The effect of the traffic density is depicted in Fig. 4. It can be observed that the end-to-end delay gradually increases as the number of nodes increments, which is an expected behavior. When the traffic is denser, DRG meets the expected delay requirement - less than 100 ms - in the zone of relevance for PCN application (1500 m). Moreover, the behavior of the end-to-end delay is similar to the latency variation as a function of the zone of relevance shown in Fig. 3, where large distances do not significantly affect the end-to-end delay; these characteristics show DRG to be a stable protocol, because it maintains a high performance for an incremental variation of the nodes density and the size of the zone of relevance.

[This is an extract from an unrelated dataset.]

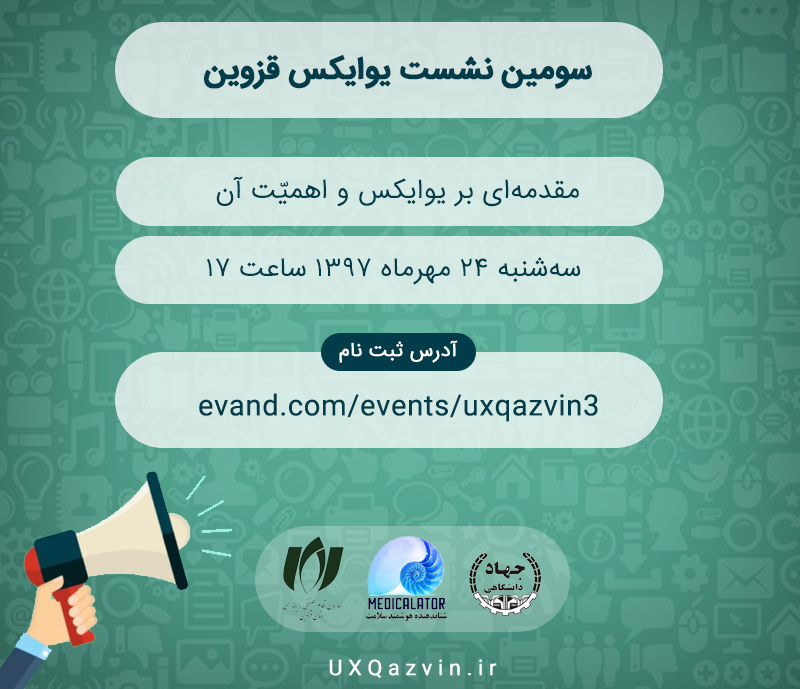 سومین نشست یوایکس قزوین با موضوع مقدمهای بر یوایکس و اهمیَت آن روز سه شنبه ۲۴ مهر ۹۷ برگزار خواهد شد.

The PRR has been compared versus the single hop broadcast scheme, where the maximum range for simple broadcast is up to 300 m. It can be observed in Fig. 5 that, when the zone of relevance is set as 500 m, the PRR achieved 100 %, and for 1500 m, the PRR decreases slightly to 98.8 %, showing a suitable performance for collision warning applications like our proposed PCN application. For larger distances, between 1500 m to 3500 m, the PRR gradually decreases as expected. Further, when the ZOR is set to 4000 m, the PRR is still near to 80 %, which is considerable for traffic applications demanding a bigger area of interest to cover. We have also tested the impact of the density k (veh/km) on the PRR for a zone of relevance set to 1500 m. The traffic density is a determinant macroscopic variable, which gives an idea of the degree of congestion of a road segment when it is analyzed in combination of the flow volume and average speed of the traffic stream. In this case, Fig. 6 shows that the increment of the number of nodes does not affect the PRR, which maintains a constant value of 98.8 %.

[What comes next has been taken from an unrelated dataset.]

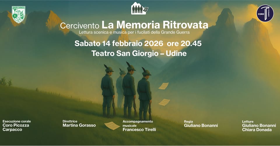 Teatro San Giorgio Teatro San GiorgioCERCIVENTO – LA MEMORIA RITROVATACi sono storie che non chiedono di essere ricordate,ma ascoltate.Sabato 14 febbraio 2026, al Teatro San Giorgio di Udine, va in scena Cercivento – La Memoria Ritrovata:uno spettacolo teatrale e...
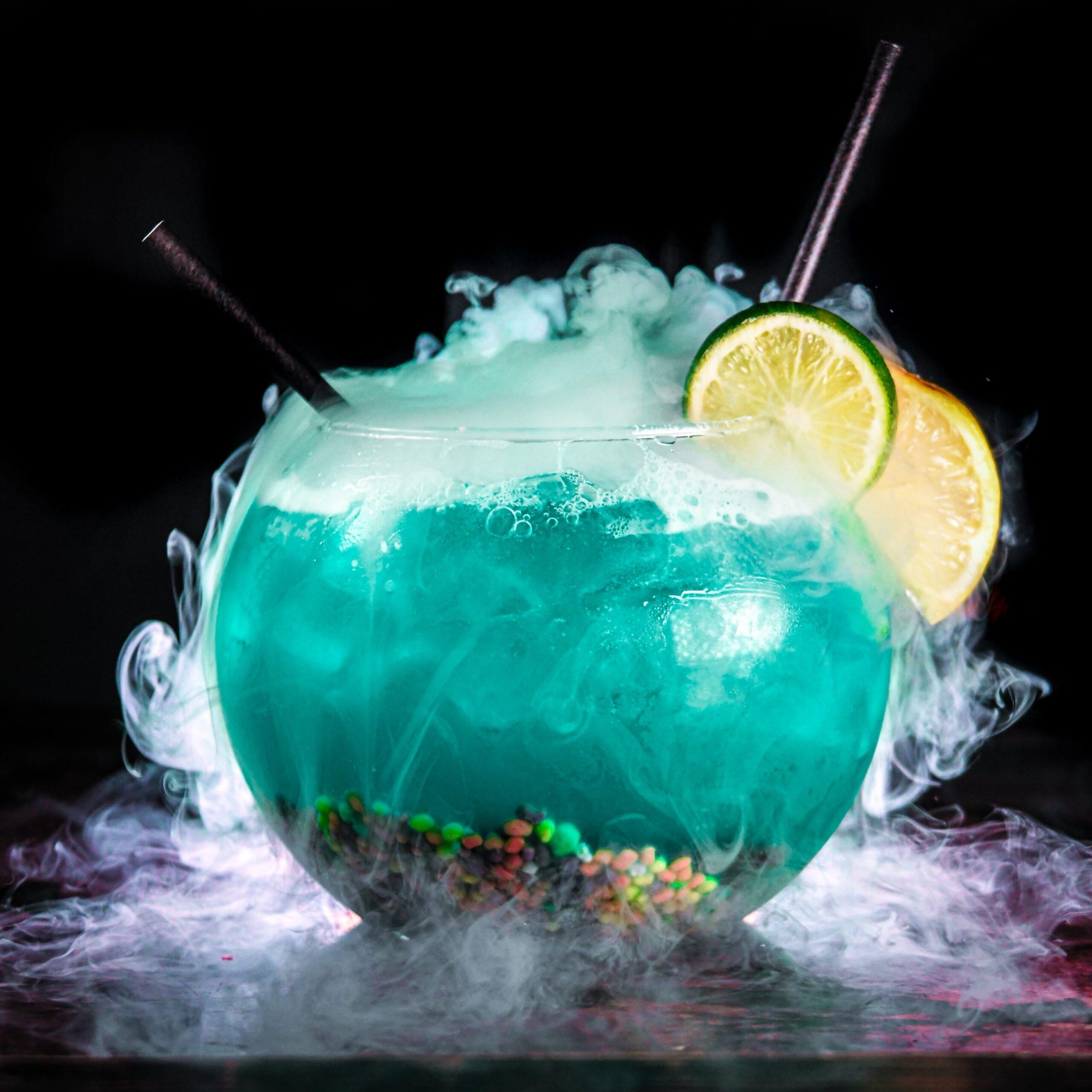 Coconut Rum, Vodka, Gin, Tequila, Blue Curaçao, Pineapple Juice, Sprite, Nerds candy and Swedish Fish candy.

The performance of PCN application has been evaluated through the PRR also as a function of velocity, in order to validate the effectiveness of the application for different vehicular velocity. Fig. 7 shows the impact of the velocity of the vehicles in the zone of relevance. For urban areas where the typical speed is 60 Km/h, DRG protocol shows high rate of the recipient nodes up to 80 km/h. It can be observed that vehicles do not affect the PRR until 80 km/h; which means that drivers on urban roads and highways effectively received PCN notification messages.

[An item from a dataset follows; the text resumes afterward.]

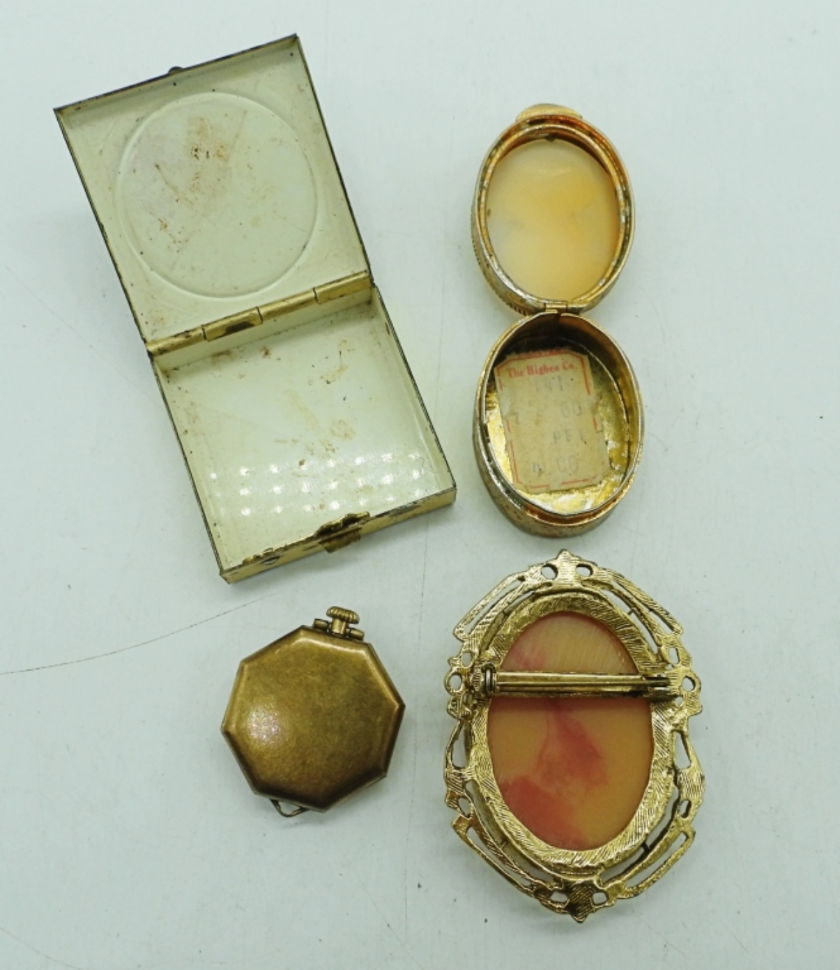 VTG CAMEO BOXES, PINS & TINY WATCH

We have assessed the velocity and acceleration of the vehicles nearby the accident’s location to show how the speed varies after the reception of the WaveAppMsg packets of the PCN application. Therefore, we have measured the variation of velocity as a function of the simulation time. Fig. 8 shows five nodes in the period of time starting in 390 s. At 400 s, the first node on the road (Node 0) abruptly stops, which is detected by the application layer as an accident, and it triggers the DRG forwarding mechanism. Nodes 1 to 4 receive the PcnAccidentMsg packets and decrease their speed until they completely stop. After 30 s, the accident is solved and Node 0 sends PcnAccidentResolvedMsg packets at the 430 s, then Nodes 1 to 4 accelerate and traffic returned to normal. Such a behavior demonstrates the effectiveness of the PCN design, regarding the harmonization of the velocity and acceleration of the vehicles within the zone of interest. The speed of the stream is gradually reduced, in contrast to the first vehicle, the acceleration of the vehicles in front the incident also decreases smoothly. It can be assumed that after the drivers received the notification messages (few seconds after the incident detection) the break system was activated; Fig. 8 demonstrates the aforementioned behavior.